» DATA SEGMENT:

"""

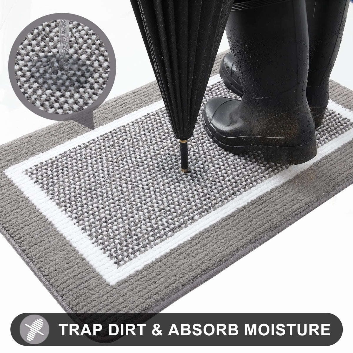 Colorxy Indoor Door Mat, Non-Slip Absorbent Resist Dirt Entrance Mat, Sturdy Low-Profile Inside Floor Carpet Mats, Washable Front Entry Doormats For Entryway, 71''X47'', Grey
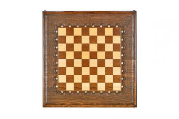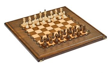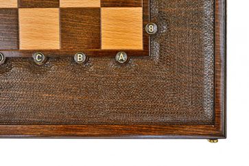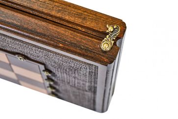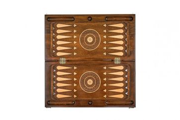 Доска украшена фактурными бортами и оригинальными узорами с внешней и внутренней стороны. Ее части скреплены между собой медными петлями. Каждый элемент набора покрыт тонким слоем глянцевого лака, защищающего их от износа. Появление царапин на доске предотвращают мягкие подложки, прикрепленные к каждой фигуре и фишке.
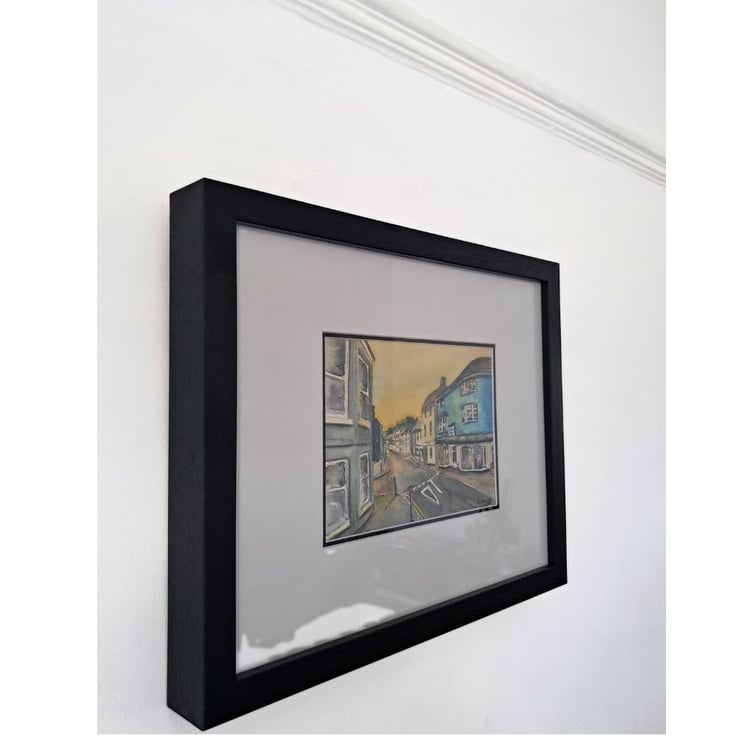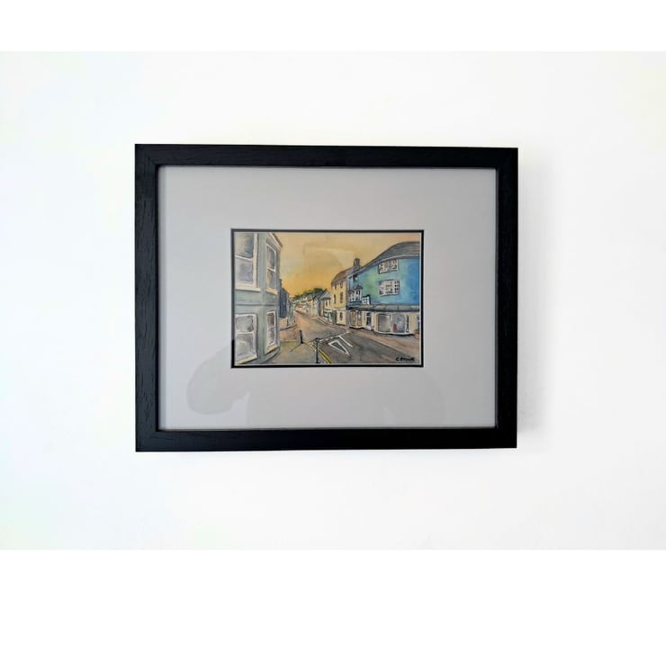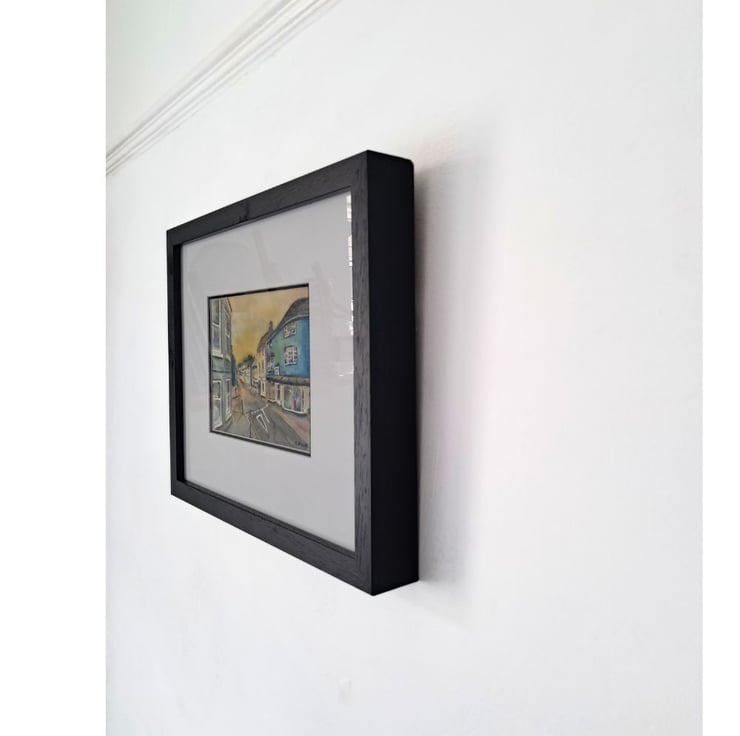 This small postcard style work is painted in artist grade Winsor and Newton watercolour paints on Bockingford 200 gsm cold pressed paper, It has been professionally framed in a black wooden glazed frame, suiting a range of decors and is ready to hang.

"""

» YOUR TASK: All of the lines above should be retyped precisely, apart from the pictures.

» SOLVED EXERCISE:
 Colorxy Indoor Door Mat, Non-Slip Absorbent Resist Dirt Entrance Mat, Sturdy Low-Profile Inside Floor Carpet Mats, Washable Front Entry Doormats For Entryway, 71''X47'', Grey
 Доска украшена фактурными бортами и оригинальными узорами с внешней и внутренней стороны. Ее части скреплены между собой медными петлями. Каждый элемент набора покрыт тонким слоем глянцевого лака, защищающего их от износа. Появление царапин на доске предотвращают мягкие подложки, прикрепленные к каждой фигуре и фишке.
 This small postcard style work is painted in artist grade Winsor and Newton watercolour paints on Bockingford 200 gsm cold pressed paper, It has been professionally framed in a black wooden glazed frame, suiting a range of decors and is ready to hang.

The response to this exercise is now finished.